**THE RECORDS:**
+++++

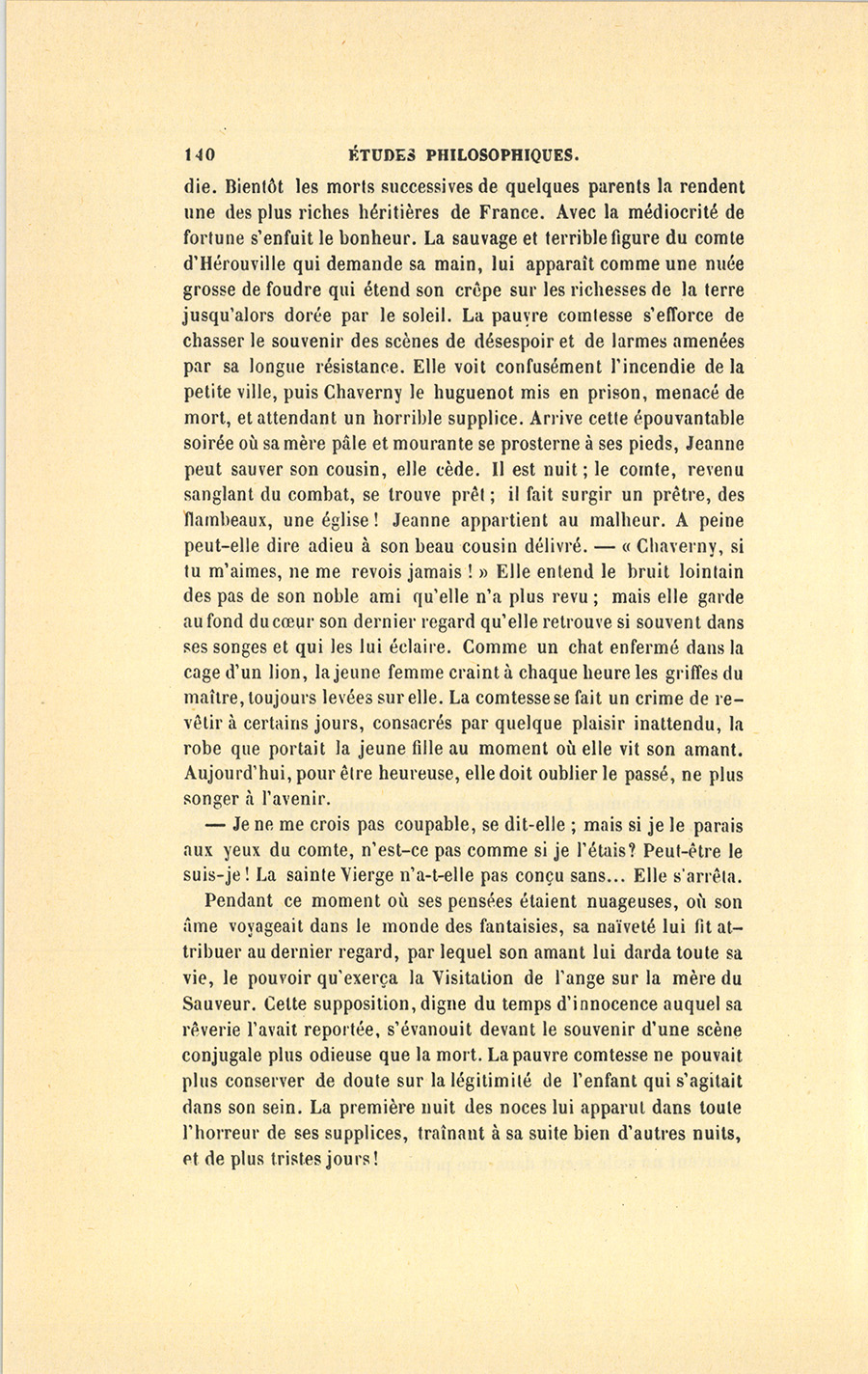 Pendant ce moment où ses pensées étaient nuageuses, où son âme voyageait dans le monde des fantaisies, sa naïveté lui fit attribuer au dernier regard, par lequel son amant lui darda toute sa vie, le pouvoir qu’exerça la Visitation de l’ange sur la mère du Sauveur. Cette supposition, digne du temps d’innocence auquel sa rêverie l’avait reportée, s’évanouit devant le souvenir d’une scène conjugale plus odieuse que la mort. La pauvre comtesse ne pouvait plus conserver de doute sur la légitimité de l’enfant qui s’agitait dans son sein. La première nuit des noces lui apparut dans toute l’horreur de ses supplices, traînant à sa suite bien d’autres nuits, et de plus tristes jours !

+++++

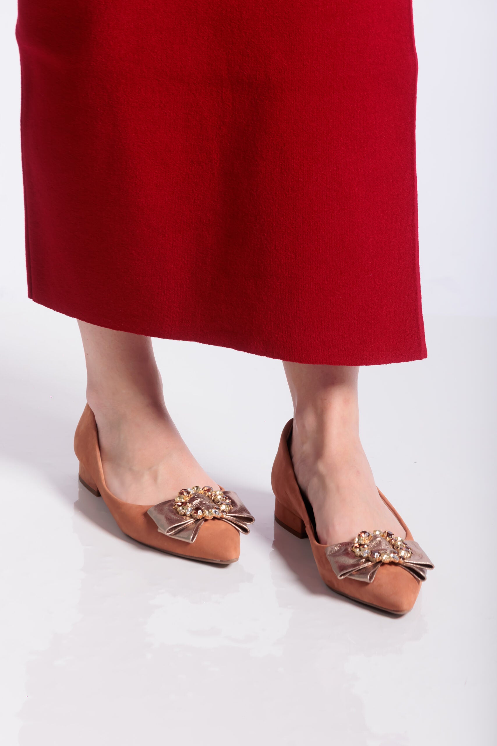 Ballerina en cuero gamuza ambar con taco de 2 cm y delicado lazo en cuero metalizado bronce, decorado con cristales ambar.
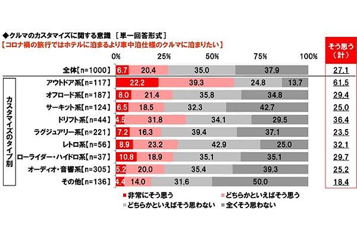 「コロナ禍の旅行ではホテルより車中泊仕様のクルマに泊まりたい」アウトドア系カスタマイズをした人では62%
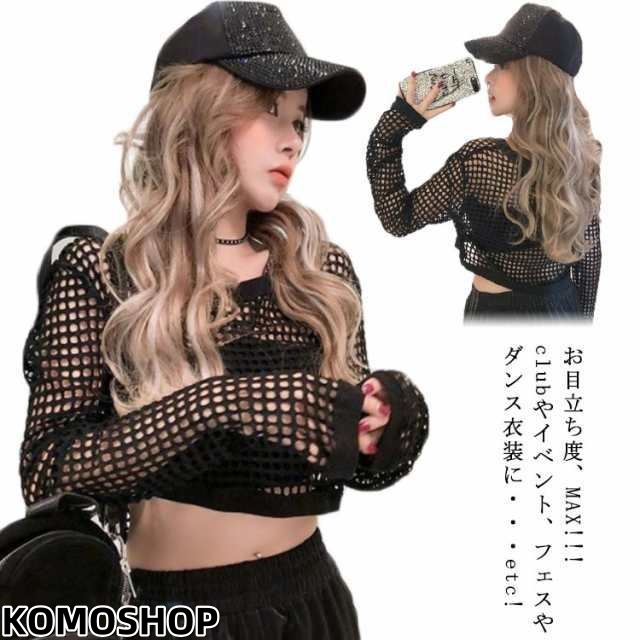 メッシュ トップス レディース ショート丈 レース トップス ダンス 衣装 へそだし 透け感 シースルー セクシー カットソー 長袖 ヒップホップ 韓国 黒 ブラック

+++++

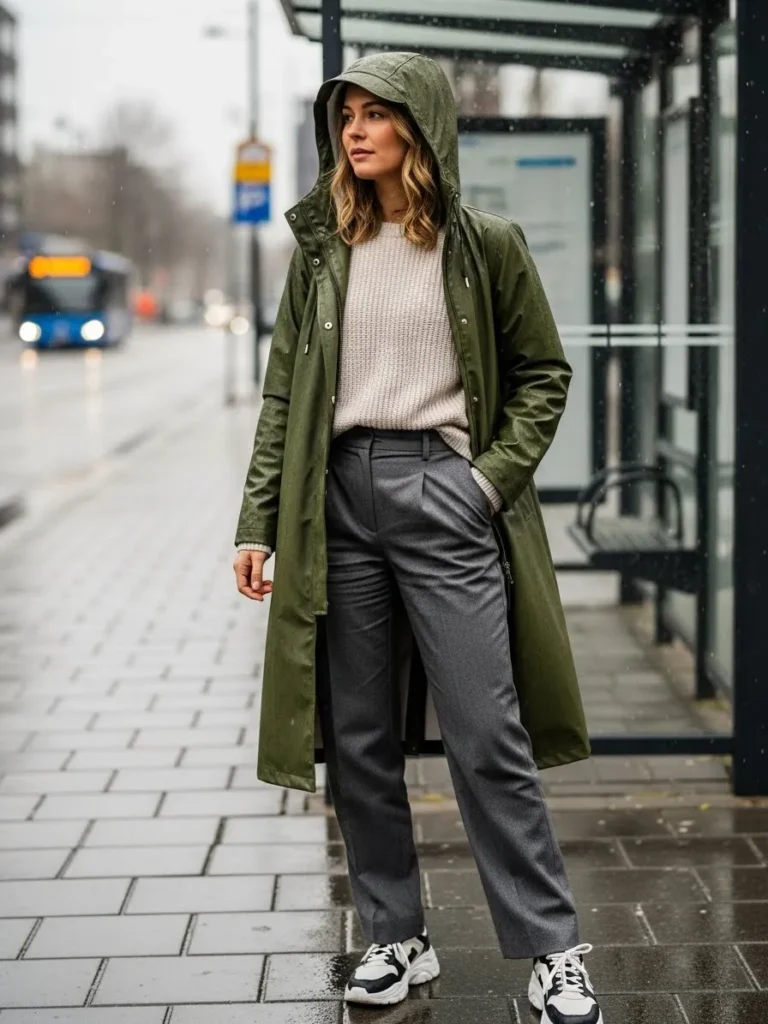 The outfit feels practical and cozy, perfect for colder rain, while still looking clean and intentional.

+++++

**WORK TO COMPLETE:**
From the material above, output only the span of lines that starts at the one containing "Ballerina en cuero" and finishes at the one containing "メッシュ トップス レディース", word for word and free of pictures.

**ANSWER SECTION:**
 Ballerina en cuero gamuza ambar con taco de 2 cm y delicado lazo en cuero metalizado bronce, decorado con cristales ambar.
 「コロナ禍の旅行ではホテルより車中泊仕様のクルマに泊まりたい」アウトドア系カスタマイズをした人では62%
 メッシュ トップス レディース ショート丈 レース トップス ダンス 衣装 へそだし 透け感 シースルー セクシー カットソー 長袖 ヒップホップ 韓国 黒 ブラック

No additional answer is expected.